- Species: Ulmus americana
- Cultivar: 'Littleford'
- Origin: Illinois, US

= Ulmus americana 'Littleford' =

Elm cultivar

The American elm cultivar Ulmus americana 'Littleford' was cloned from a tree in Hinsdale, Illinois, circa 1915 by Littleford Nurseries of Downers Grove, Illinois, and first released in 1927. It was marketed in the 1930s by nearby Hinsdale Nurseries, successor to Littleford Nurseries, as 'Littlefordii'. In their 1925 catalogue Littleford Nurseries had written of their selection: "The growing of the American elm is a specialty with us; we consider it the leading shade and ornamental tree. Our trees are a selected strain of the V-shaped type, a stock of 15 to 20 thousand, all 2 ins. and up in size, transplanted twice and in splendid vigor for planting".

==Description==
The tree is narrowly vase-shaped, without pendulous branchlets, and with larger and heavier leaves.

==Pests and diseases==
The clone's resistance to Dutch elm disease is not known, but the species as a whole is highly susceptible to the disease and elm yellows; it is also moderately preferred for feeding and reproduction by the adult elm leaf beetle Xanthogaleruca luteola, and highly preferred for feeding by the Japanese beetle Popillia japonica in the United States.
U. americana is also the most susceptible of all the elms to verticillium wilt.

==Cultivation==
'Littleford' was also marketed from the 1930s by the Siebenthaler Company of Dayton, Ohio, and from the 1940s by Charles Fiore Nurseries of Prairie View, Illinois.
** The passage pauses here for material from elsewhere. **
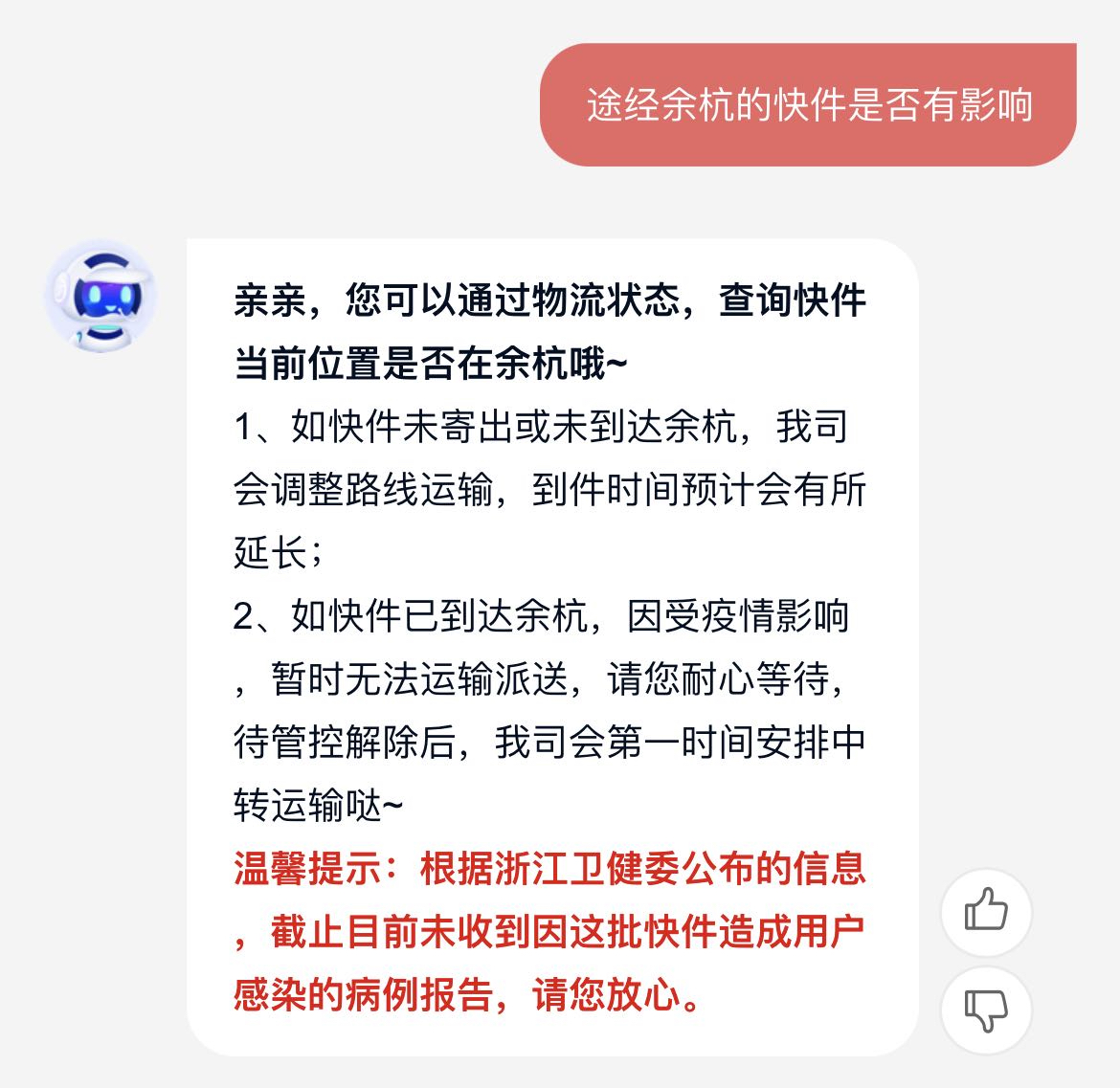 顺丰速运在线客服方面提供的信息也显示,针对未寄出或未到达余杭的快递,顺丰方面将调整运输路线,但快递送达时间或许有所延长。另一方面,已经到达余杭的快递目前因为疫情原因无法配送,需要等到解控后再安排中转运输。

The Sherman Nursery, Charles City, Iowa, stocked it as late as 1957, but it is no longer listed by that emporium or any other. The tree is not known to have been introduced to Europe or Australasia.

==Synonymy==
- Ulmus americana var. Littlefordii: Bailey & Bailey, Hortus Second, 746, 747, 1941.

==Accessions==
- North America
- Morton Arboretum, US. Acc. no. 862–43.